Julian Borger in Vienna
Friday February 23, 2007


Much of the intelligence on Iran's nuclear facilities provided to UN inspectors by American spy agencies has turned out to be unfounded, according to diplomatic sources in Vienna.

The claims, reminiscent of the intelligence fiasco surrounding the Iraq war, coincided with a sharp increase in international tension as the International Atomic Energy Agency (IAEA) reported that Iran was defying a UN security council ultimatum to freeze its nuclear programme.

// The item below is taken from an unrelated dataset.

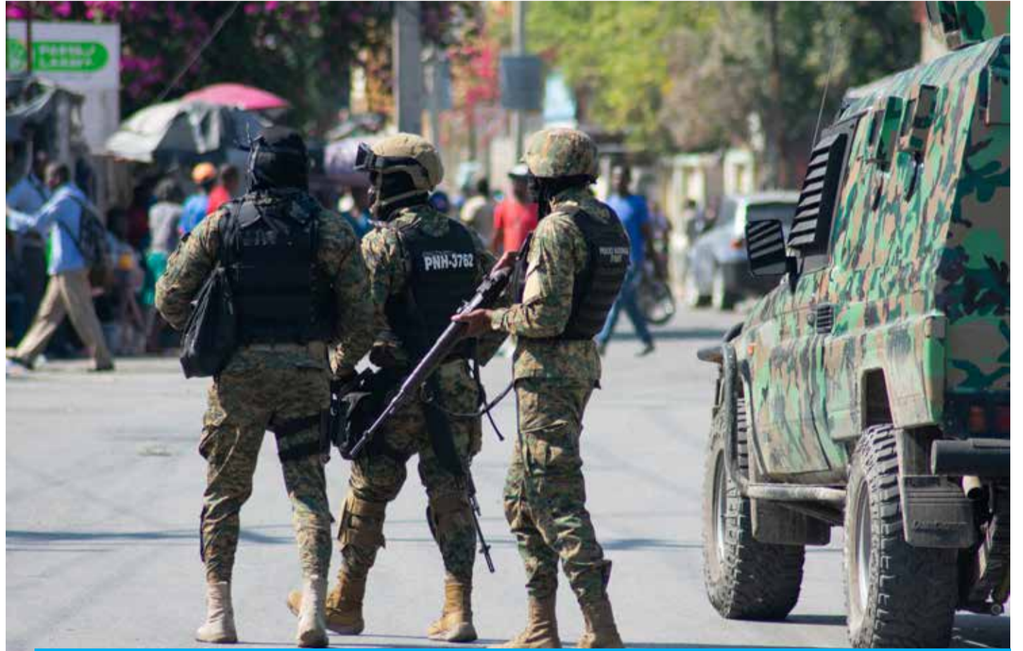
PORT-AU-PRINCE: Haitian police officers deploy in Port-au-Prince, Haiti, on March 9, 2024.

"And that is in part reflective of the demand and the desired capacity of the illicit end-users," he said, while cautioning that hard data — both on the number of guns and their countries of origin — remains hard to pin down because of the weapons' illegal nature.

That report, delivered to the security council by the IAEA director general, Mohamed ElBaradei, sets the stage for a fierce international debate on the imposition of stricter sanctions on Iran, and raises the possibility that the US might resort to military action against Iranian nuclear sites.

At the heart of the debate are accusations, spearheaded by the US, that Iran is secretly trying to develop nuclear weapons. However, most of the tip-offs about supposed secret weapons sites provided by the CIA and other US intelligence agencies have led to dead ends when investigated by IAEA inspectors, according to informed sources in Vienna.

"Most of it has turned out to be incorrect," said a diplomat at the IAEA with detailed knowledge of the agency's investigations. "They gave us a paper with a list of sites. [The inspectors] did some follow-up, they went to some military sites, but there was no sign of [banned nuclear] activities."

"Now [the inspectors] don't go in blindly. Only if it passes a credibility test."

One particularly contentious issue concerned records of plans to build a nuclear warhead, which the CIA said it found on a stolen laptop computer supplied by an informant inside Iran. In July 2005, US intelligence officials showed printed versions of the material to IAEA officials, who judged it to be sufficiently specific to confront Iran.

Tehran rejected the material as forgeries and there are still reservations about its authenticity in the IAEA, according to officials with knowledge of the internal debate inside the agency.

"First of all, if you have a clandestine programme, you don't put it on laptops which can walk away," one official said. "The data is all in English which may be reasonable for some of the technical matters, but at some point you'd have thought there would be at least some notes in Farsi. So there is some doubt over the provenance of the computer."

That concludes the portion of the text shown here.